Linking a kinesin tail–vesicle complex to an active axon-selective motor domain causes a distinctive increase in axonal vesicle transport. (A) Hippocampal neurons were transfected with a split kinesin consisting of an FRB-GFP-KIF1A tail, which interacts with endogenous vesicles, and the KIFC⁵⁵⁹-tdTM-FKBP motor domain. The constructs were expressed for 18 h before live imaging to evaluate the transport of KIF1A-labeled vesicles. (B) Before addition of linker drug, the FRB-GFP-KIF1A–labeled vesicles were present in both the axon and the dendrites. In this and all subsequent figures, the contrast was inverted so that brightly labeled vesicles appear dark. Bars: (top panels) 20 µm; (high magnification panels) 5 µm. (C and D) Kymographs illustrate the transport of KIF1A-labeled vesicles before (0 min) and 25 min after addition of 1 µM AP 21967. Before addition of the linker, labeled vesicles were transported bi-directionally in the axon and the dendrites. After addition of the linker drug, there was a pronounced increase in long-range anterograde events in the axon. Graphs with red lines illustrate all anterograde events visible on the corresponding kymographs. In the kymographs, time is shown on the x axis and position along the neurite on the y axis. Diagonal lines with positive slope represent movements away from the cell body. Time and distance calibration are the same for all kymographs. See also Video 1.

Figure 2.

Transport characteristics of vesicles labeled by expressing full-length GFP-tagged Kinesin-3 motors. Fluorescently labeled full-length kinesins were expressed in cultured hippocampal neurons to label vesicles. (A–D) Representative images of axons and dendrites of hippocampal neurons expressing GFP-tagged KIF1A, KIF1Bβ, KIF13A, and KIF13B, respectively.

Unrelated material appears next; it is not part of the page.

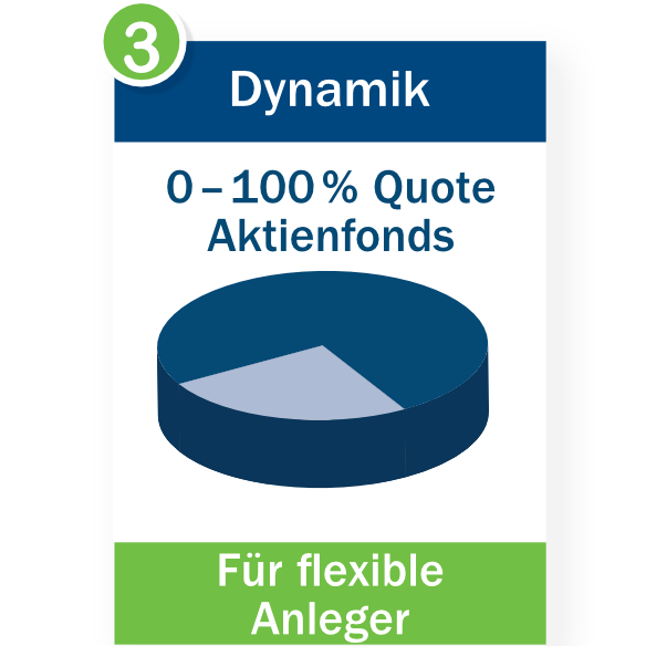 Das Depot Dynamik wird unter einem unternehmerischen Ansatz geführt. Den höheren Ertragschancen stehen entsprechend höhere unternehmerische Risiken und eine stärker ausgeprägte Wertschwankung gegenüber.

Boxed regions showing high magnification views of a portion of the axon and a dendrite are shown below. Kymographs illustrating vesicle movements in the boxed regions show that vesicles labeled with KIF1A, KIF1Bβ, and KIF13A were transported bi-directionally in both axons and dendrites. In contrast, vesicles labeled with KIF13B were largely polarized to the dendrites. Bars: (top panels) 20 µm; (high magnification panels) 5 µm. Time and distance calibration are the same for all kymographs.

Figure 3.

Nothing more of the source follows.